Provided data.
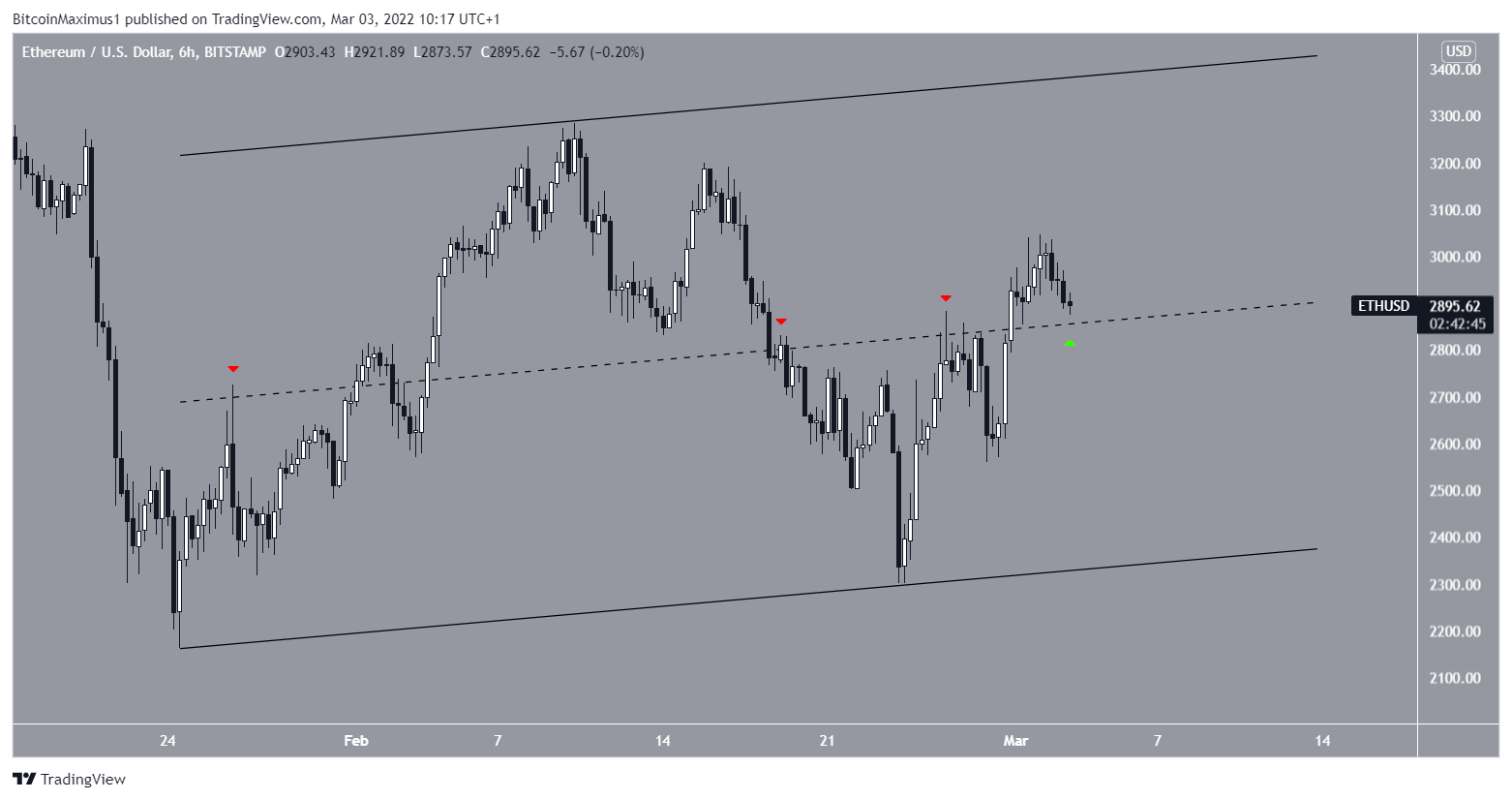 O ETH está subindo desde 24 de janeiro e é possível que o preço esteja sendo negociado dentro de um canal paralelo de alta. A linha média do canal atuou anteriormente como resistência (ícones vermelhos), mas o token conseguiu se mover acima da linha na segunda-feira (28).
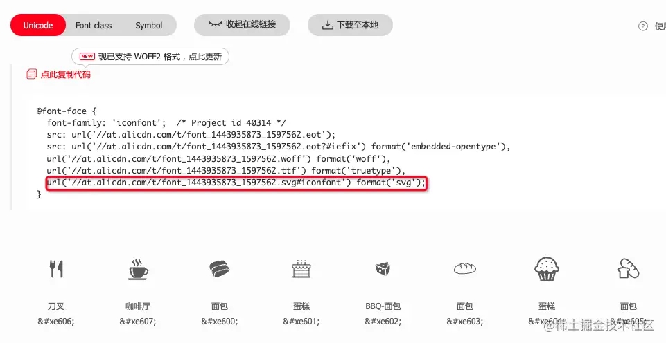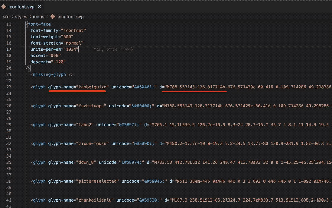 在 iconfont 字体样式中,css 包含了这样一个路径,或者我们可以在项目 css 中直接找到这段代码,然后下载这个 svg。 打开 svg 会看到如下代码
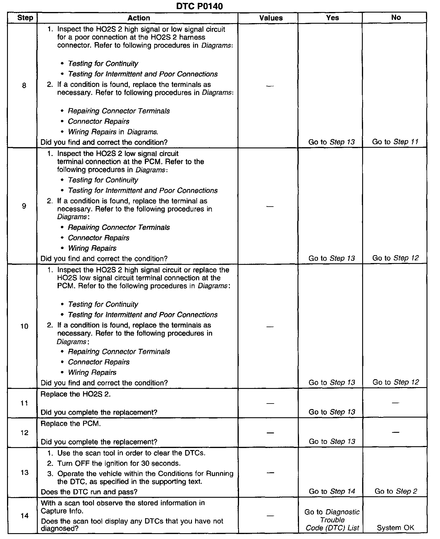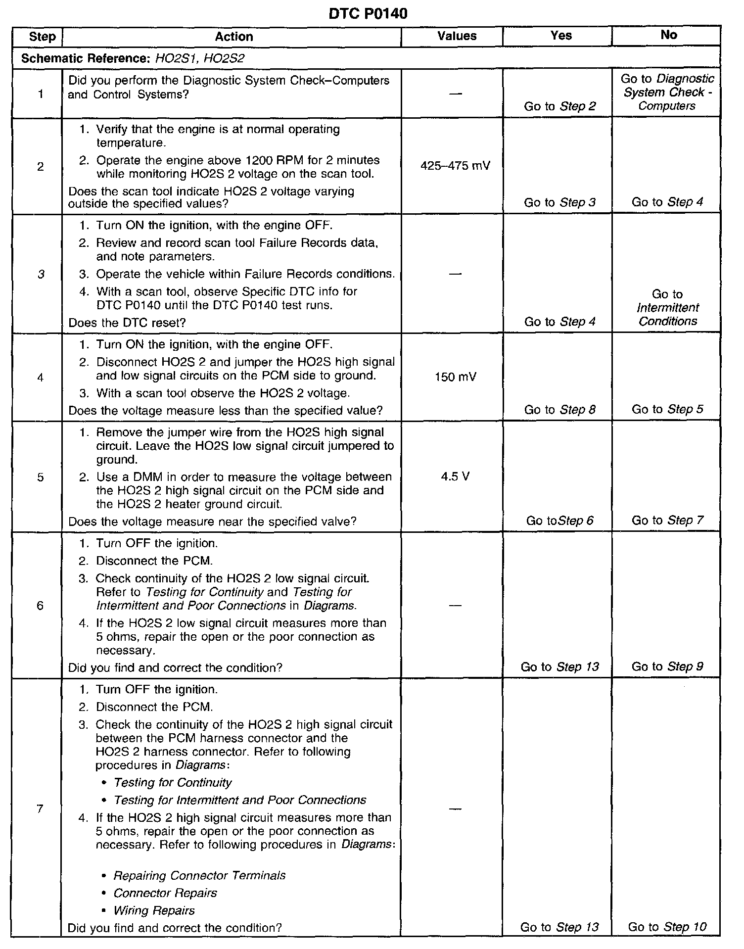 CIRCUIT DESCRIPTIONThe Powertrain Control Module (PCM) supplies a bias voltage of about 450 mV between the Heated Oxygen Sensor (HO2S) high signal and low signal circuits. When measured with a DMM, this may display as low as 320 mV. The oxygen sensor varies the voltage within a range of about 1000 mV when the exhaust is rich, down through about 10 mV when exhaust is lean. The PCM constantly monitors the HO2S signal during closed loop operation, and compensates for a rich or lean condition by decreasing or increasing the injector pulse width as necessary. If the HO2S 2 voltage remains at or near the 450 mV bias for an extended time, DTC P0140 will be set, indicating an open HO2S high signal or HO2S low signal circuit.
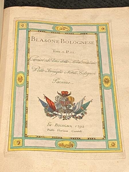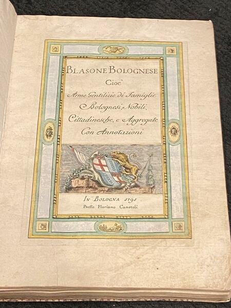 BLASONE BOLOGNESE. Cioè Arme Gentilizie di Famiglie Bolognesi Nobili, Cittadinesche, e Aggregate. Con annotazioni. Segue: Supplemento alle Arme delle Famiglie Nobili. Segue: Cimieri ed Elmi delle Arme gentilizie delle Famiglie Nobili Bolognesi Paesane. Segue: Arme Gentilizie delle Famiglie Nobili Forestiere aggregate alla nobiltà di Bologna.
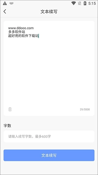 打开AI续写界面,输入想要续写的文字内容,接着确认好需要续写的字数,最后点击页面底部的【文本续写】按钮即可完成操作。
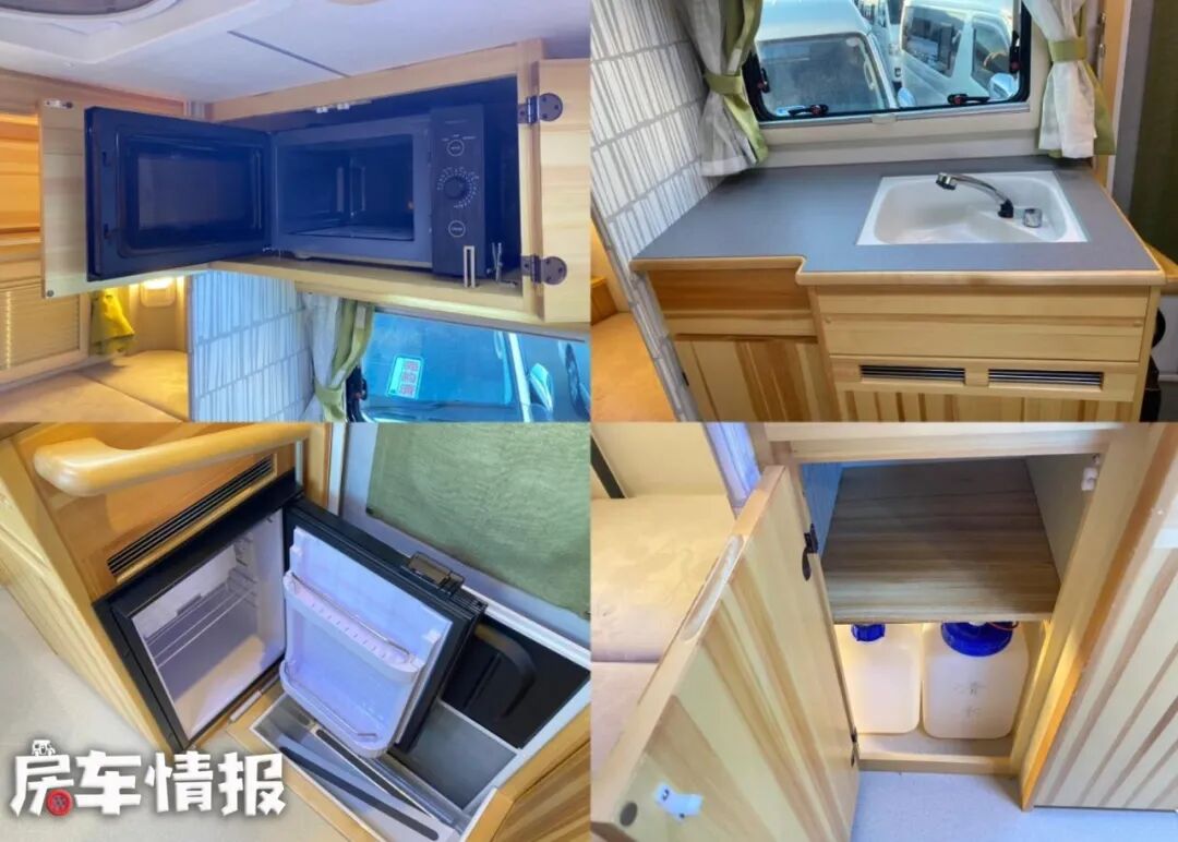 厨房配有微波炉、洗菜池、房车专用冰箱,以及两个便携式水箱保证日常的使用需求。
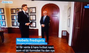 Komitéleiar Jørgen Wathne Frydnes: Nobelkomiteen: – Me baserer oss berre på Alfred Nobels testamentet. Prisen er basert på et fri og rettferdig valg og er ikke bestemt av norske politikere! De leider van het Nobelcommittee vertelt dat zij zich strikt aan Alfred Nobels testament houden. De prijs os gebaseerd op een vrije en rechtvaardige keus zonder invloed van Noorse politici.

What this task involves. When you reach the line that contains "BLASONE BOLOGNESE. Cioè", start reproducing, and continue word for word to the end of the records; skip all pictures.

Result for this exercise.
 BLASONE BOLOGNESE. Cioè Arme Gentilizie di Famiglie Bolognesi Nobili, Cittadinesche, e Aggregate. Con annotazioni. Segue: Supplemento alle Arme delle Famiglie Nobili. Segue: Cimieri ed Elmi delle Arme gentilizie delle Famiglie Nobili Bolognesi Paesane. Segue: Arme Gentilizie delle Famiglie Nobili Forestiere aggregate alla nobiltà di Bologna.
 打开AI续写界面,输入想要续写的文字内容,接着确认好需要续写的字数,最后点击页面底部的【文本续写】按钮即可完成操作。
 厨房配有微波炉、洗菜池、房车专用冰箱,以及两个便携式水箱保证日常的使用需求。
 Komitéleiar Jørgen Wathne Frydnes: Nobelkomiteen: – Me baserer oss berre på Alfred Nobels testamentet. Prisen er basert på et fri og rettferdig valg og er ikke bestemt av norske politikere! De leider van het Nobelcommittee vertelt dat zij zich strikt aan Alfred Nobels testament houden. De prijs os gebaseerd op een vrije en rechtvaardige keus zonder invloed van Noorse politici.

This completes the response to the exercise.